L'actualité du livre
Littératureet Littérature Américaine  

True Grit
de Charles Portis
Serpent à plumes 2011 /  20 €- 131  ffr. / 232 pages
ISBN : 978-2-268-07057-5
FORMAT : 11,9cm x 20,7cm

Traduction de John Doucette

Western biblique, polar social

A la fin de sa vie, une femme, Mattie Ross, raconte un épisode de sa jeunesse qui l’a marquée durablement. Lorsqu’elle avait 14 ans, son père a été assassiné par un de ses saisonniers, Tom Chaney, qui prit la fuite avec ses chevaux et ses pièces d’or. D’un caractère déterminé, Mattie entreprend de venger son père et malgré son jeune âge arrive à décider Rooster Cogburn, un marshall alcoolique et violent, à l’aider. Elle croise également un Texas ranger nommé «Laboeuf» et intéressé lui aussi par l’idée, la capture de Chaney devant rapporter une prime conséquente. Et le trio improbable de se lancer sur les traces de cet homme dangereux, dans l’Ouest américain du XIXe siècle. Le tout donne un roman policier inhabituel.

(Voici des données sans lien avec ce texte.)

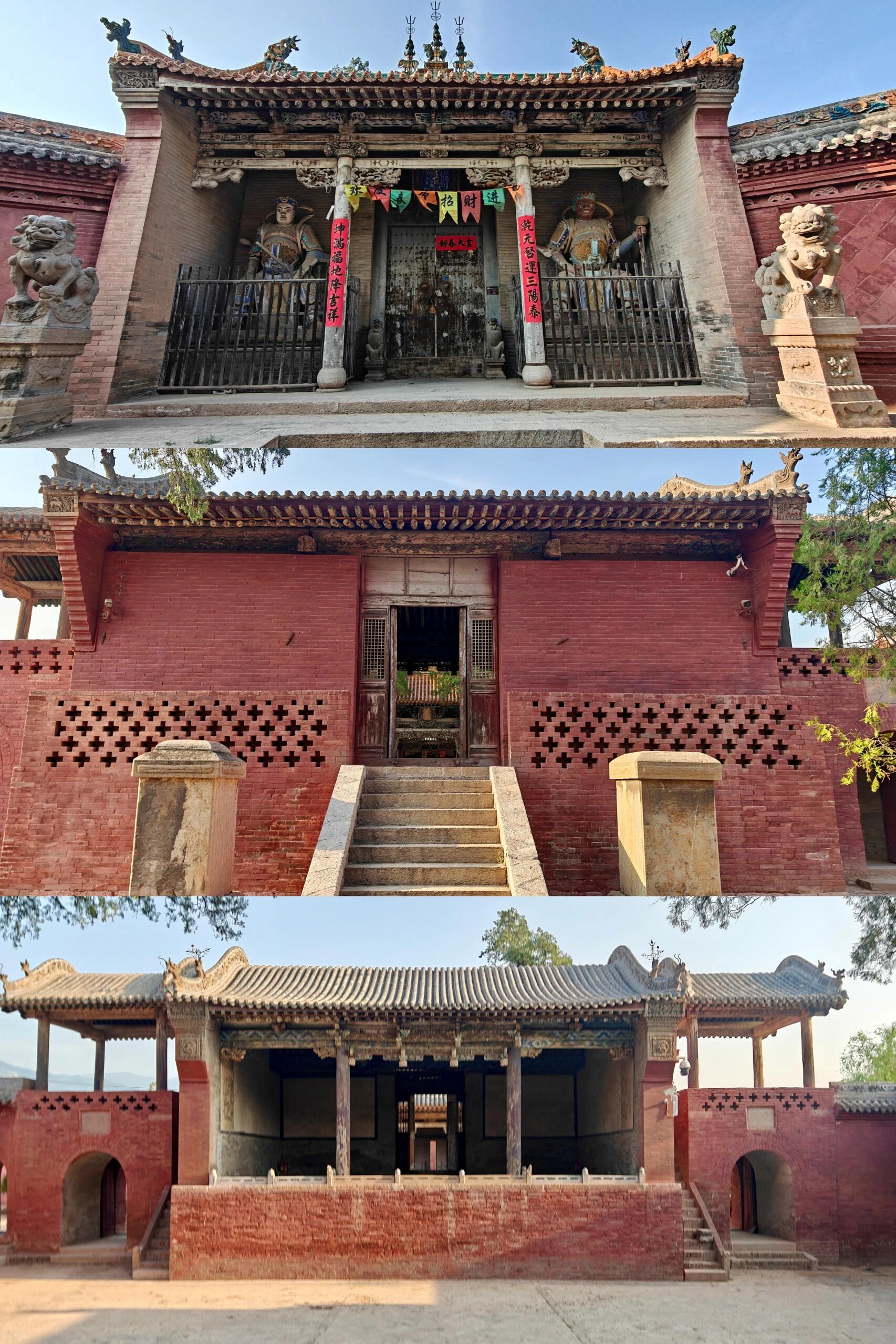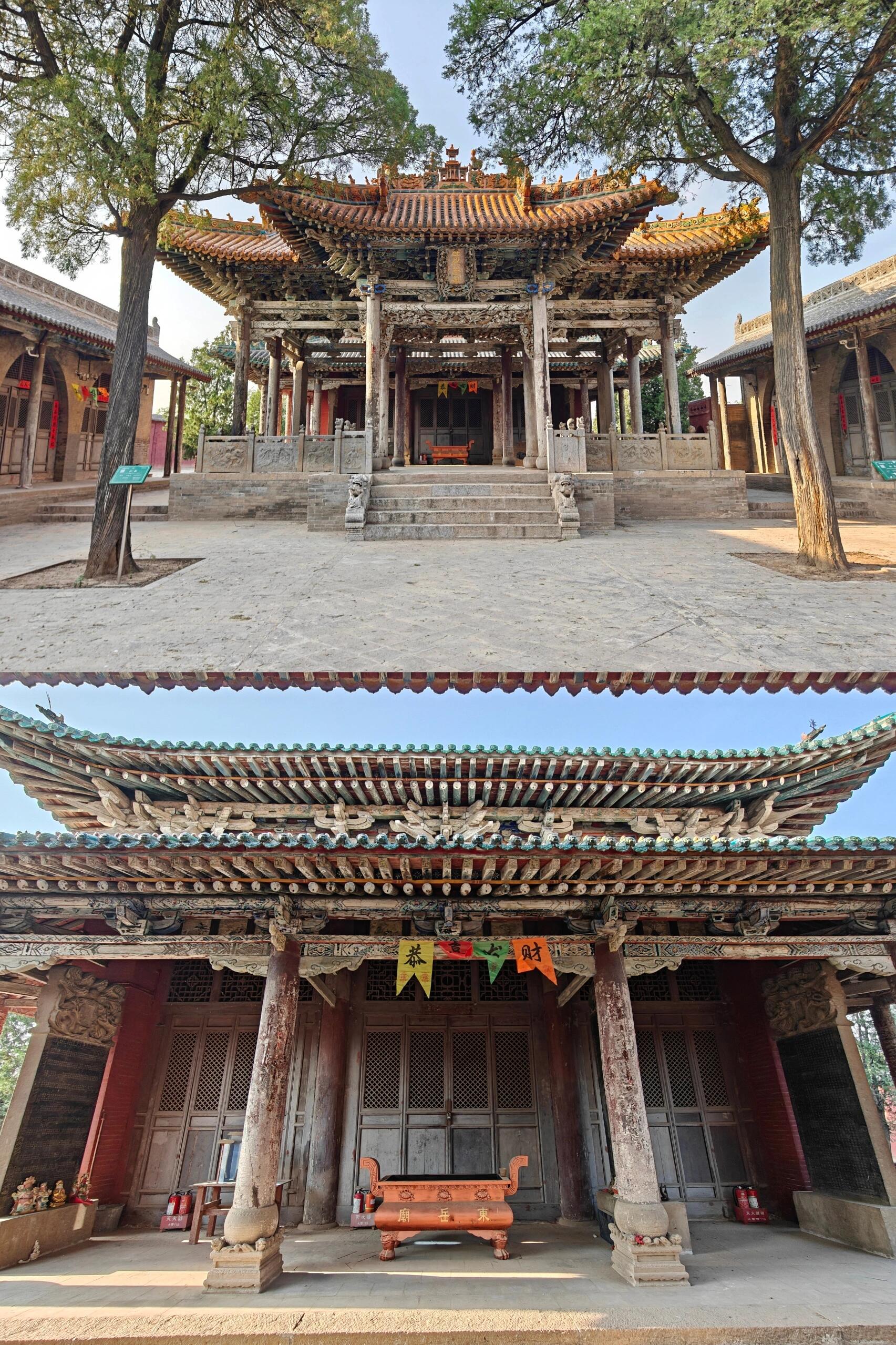 这座始建年代不详,最早重修记录可追溯至元至元七年的古庙,历经明清数次重修,依旧完整地保留着历代的建筑风格与艺术精华。三进院落布局紧凑,空间灵活,中轴线上的影壁、山门、戏台、献殿、大殿、后殿依次排布,左右钟鼓楼与窑洞式配殿相互呼应,既符合传统庙宇的规制,又融入了地方特色,堪称北方乡间庙宇建筑的典范。

Nos trois compagnons connaissent des mésaventures quelquefois cocasses, souvent périlleuses, parfois dramatiques, toujours dures, au milieu d’un environnement inhospitalier, hivernal donc glacial, racontées par Mattie dont on ne découvre qu’à la fin qu’il s’agit d’une vieille femme. Et c’est l’un des premiers étonnements du livre : l’écriture de cette fillette et son raisonnement, qui ne correspondent pas à son âge - ce qui ne gêne en rien la lecture -, apportent au contraire un éclairage curieux sur les rapports adultes-adolescents dans cet univers difficile où la survie seule compte.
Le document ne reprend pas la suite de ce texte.